Yes and no. For the most part no or at least it is not as easy. Generally speaking your blood proteome correlates with your current condition, but it is fairly dynamic. I.e. it changes during the day, depends on how much you eat or drink, whether you are stressed or not and so on. There are certain proteins that start increasing if there are damages, but they are not always specific (e.g. certain inflammation markers) and those that are more specific tend to be markers that are associated with serious injury (with e.g. cause the leakage of those proteins into the bloodstream). And even then it is often necessary to combine several protein biomarkers and/or other biomarkers (e.g. creatinine levels and other indicators) in order to make a proper diagnosis. Disease that are much less well defined, such as many of those you have listed generally only display generic markers such increased inflammation. The reason for that is pretty clear. Injury and inflammation, regardless of origin, tend to affect similar pathways and it is unclear where there is a simple yes/no response. More likely we see quantitative differences. However, they could depend a lot on the individual (i.e. individual may have different healthy baselines) making them not trivial to use clinically.
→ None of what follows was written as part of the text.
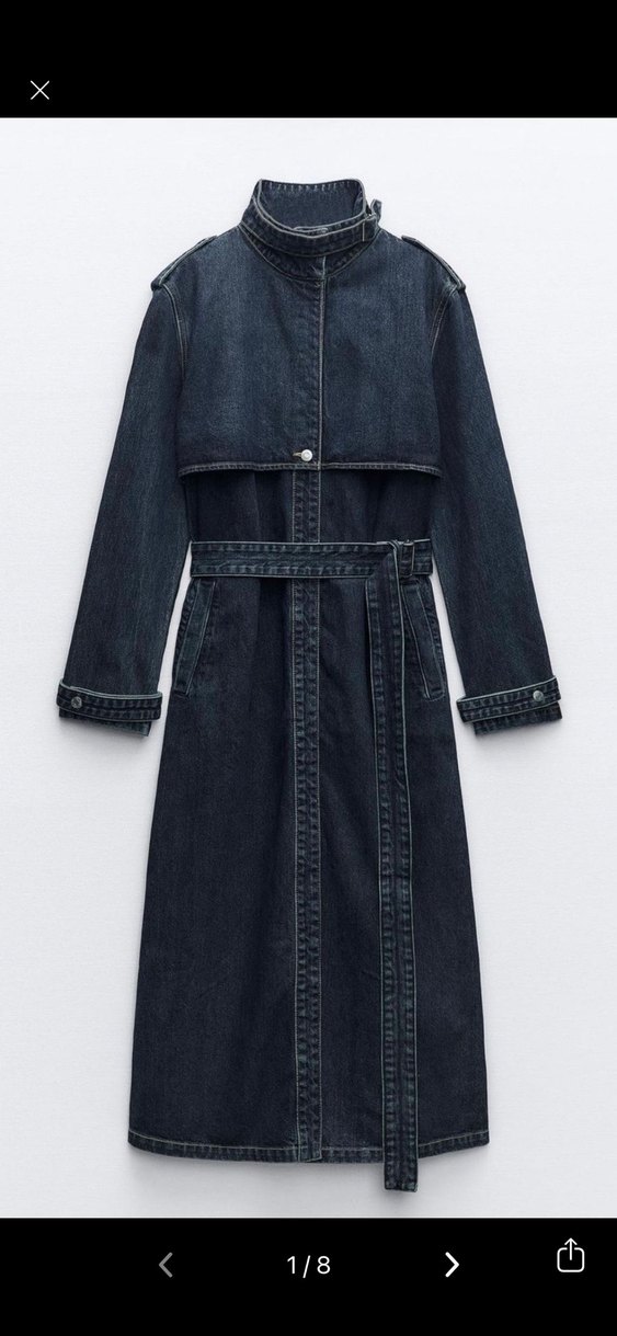 Lacivert denim kumaştan, kemerli ve uzun kesim kadın trençkot. Minimalist tarzda, notched lapel yakalı ve strappy kolludur. Günlük şık kullanıma uygundur.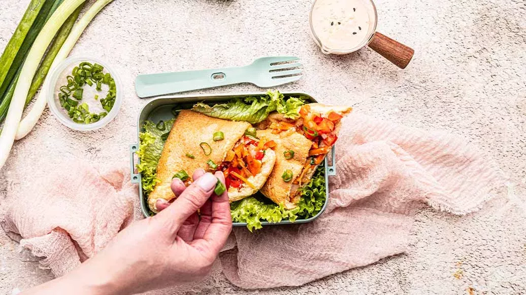 Jarní cibulku nasekejte. Omelety přeložte napůl a uložte do svačinových boxů. Podávejte s mayo-sriracha omáčkou a posypané jarní cibulkou.

There are efforts to identify and build biomarker panels (i.e. groups of proteins) that together might diagnose issues typically using proteomic techniques, but success rates have been low with some successes. Also, there are non-protein biomarker candidates, such as DNA modifications in the case of colon cancer.

Finally, once there is a candidate in actual clinical use typically protein levels are measured via ELISA, as those are the most robust to handle. For discovery, mass spectrometry is typically used.

Well the above post explains it and sadly the human body is more complex as lot of popular science like to point out the holy grail by year 2050 may be we may have lab on chip a small microchip that looks at the blood and protein and can diagnose. And most likely that never will come to be if it is 50 years from now or 100 years from now that just the way human body built.

It is sad but the way the human is built things like lab on chip will alway be scfi.
 

May be the medical tricorder will have better luck in 50 or 100 years from now.